YiqunCao commented 6 years ago

Thanks for help! "macs2 bdgopt" works for my issue in #259.

But for this issue that I started from bam files, although pseudocount 0.1 was added to both treat and control bdg using "macs2 bdgopt", the ppois signal track is still quite different from FE signal track (see figure blow). What could be wrong here? Thanks!

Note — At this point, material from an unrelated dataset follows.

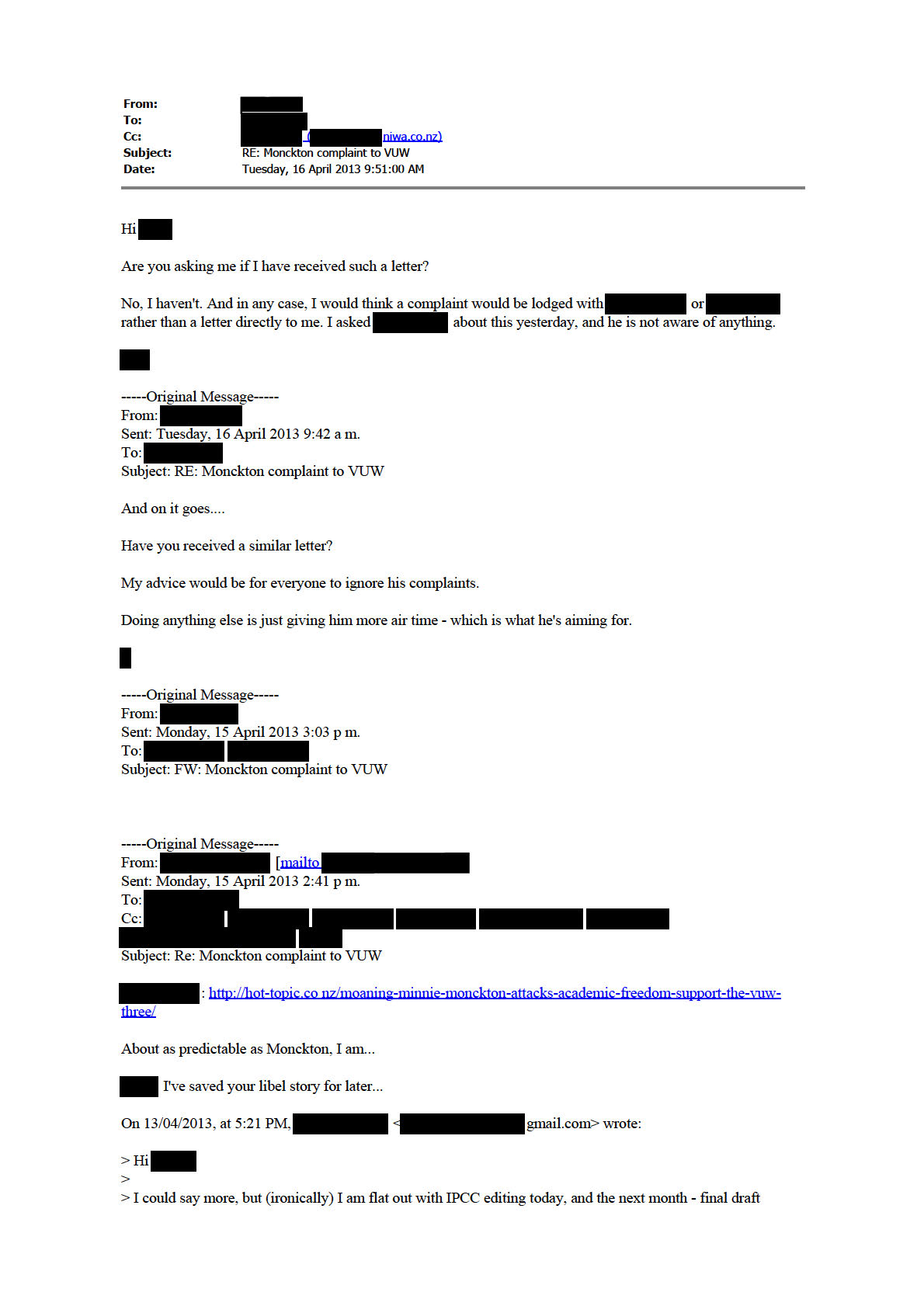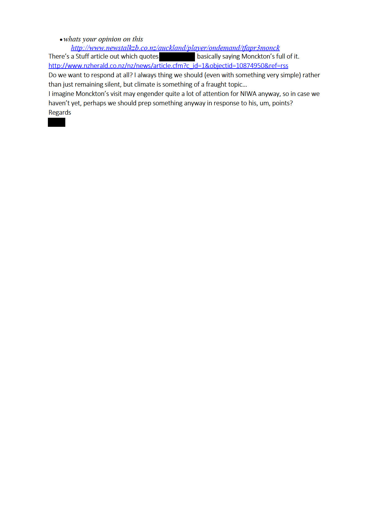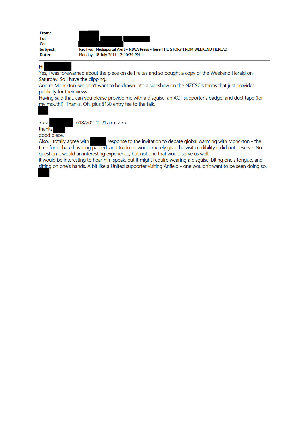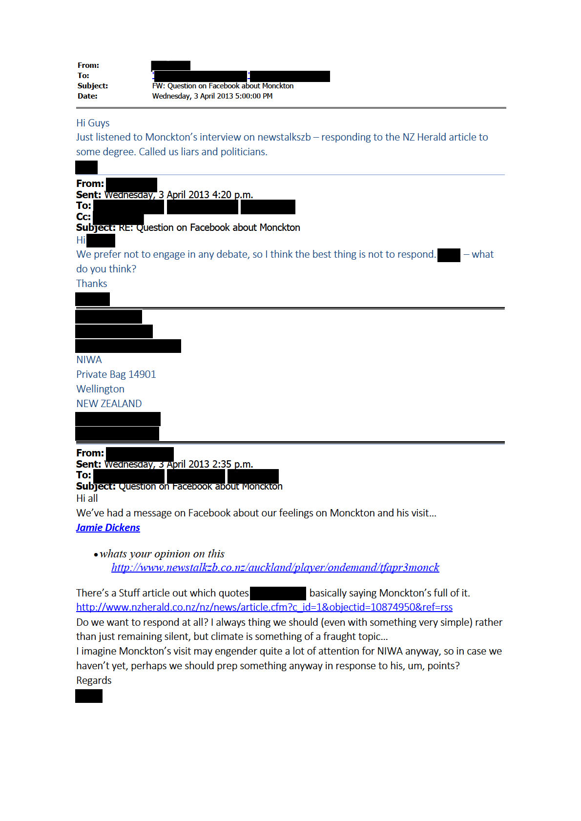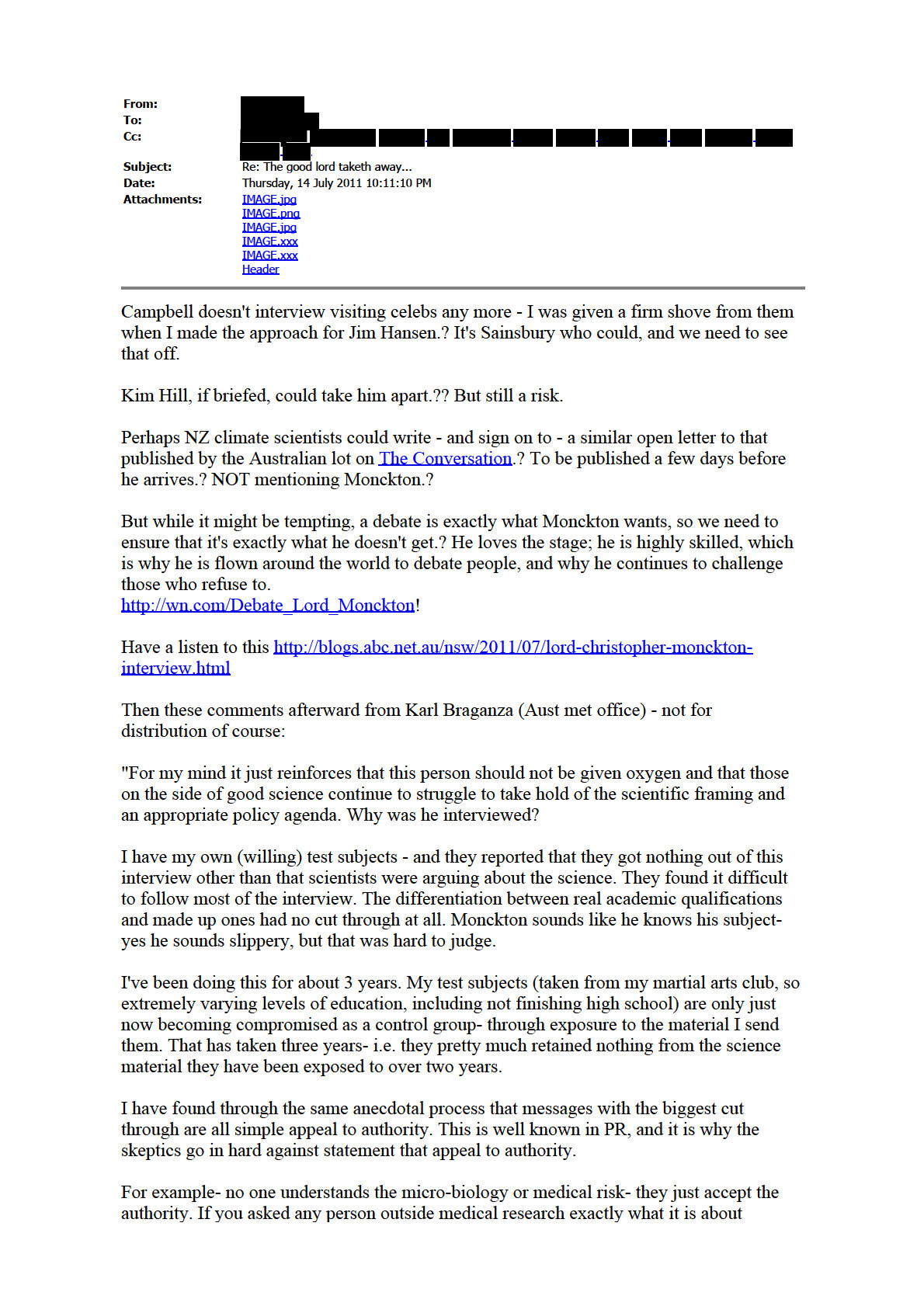 Moncktons' visit / talks. If you do receive such an enquiry, please refer the caller (or email) through to

screen shot 2018-10-25 at 4 43 29 pm

taoliu commented 6 years ago

@YiqunCao Poisson pvalue scores won't work the same way as fold-enrichment, especially in terms of continuity of the values. The Poisson CDF is more close to an exponential function that can't be compared to a simple division between two values. Also in order to calculate p-values, the observation, ie the treatment pileup, should be rounded to an integer. Therefore if the background has little difference, then pileup 1.5 and pileup 1.2 will give you similar p-values. After log transformation ( our p-score=-log10(p-value), the difference will be even more smaller.

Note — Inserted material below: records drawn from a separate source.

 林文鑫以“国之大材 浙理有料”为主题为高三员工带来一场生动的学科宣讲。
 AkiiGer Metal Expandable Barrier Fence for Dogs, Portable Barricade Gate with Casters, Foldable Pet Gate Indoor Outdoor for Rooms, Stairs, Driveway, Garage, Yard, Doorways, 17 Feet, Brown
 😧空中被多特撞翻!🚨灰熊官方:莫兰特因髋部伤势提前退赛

callum-b commented 3 months ago

@taoliu you recommend using

$ macs2 bdgopt -i treat.bdg -m add -p 0.1 -o treat_0.1.bdg $ macs2 bdgopt -i control.bdg -m add -p 0.1 -o control_0.1.bdg

But would this line

$ macs3 bdgopt -i control.bdg -m max -p 0.01 -o control_nozero.bdg

also work? Or is it risky modifying only one data file in your opinion? Will the poisson law behave strangely if the lambda is very low?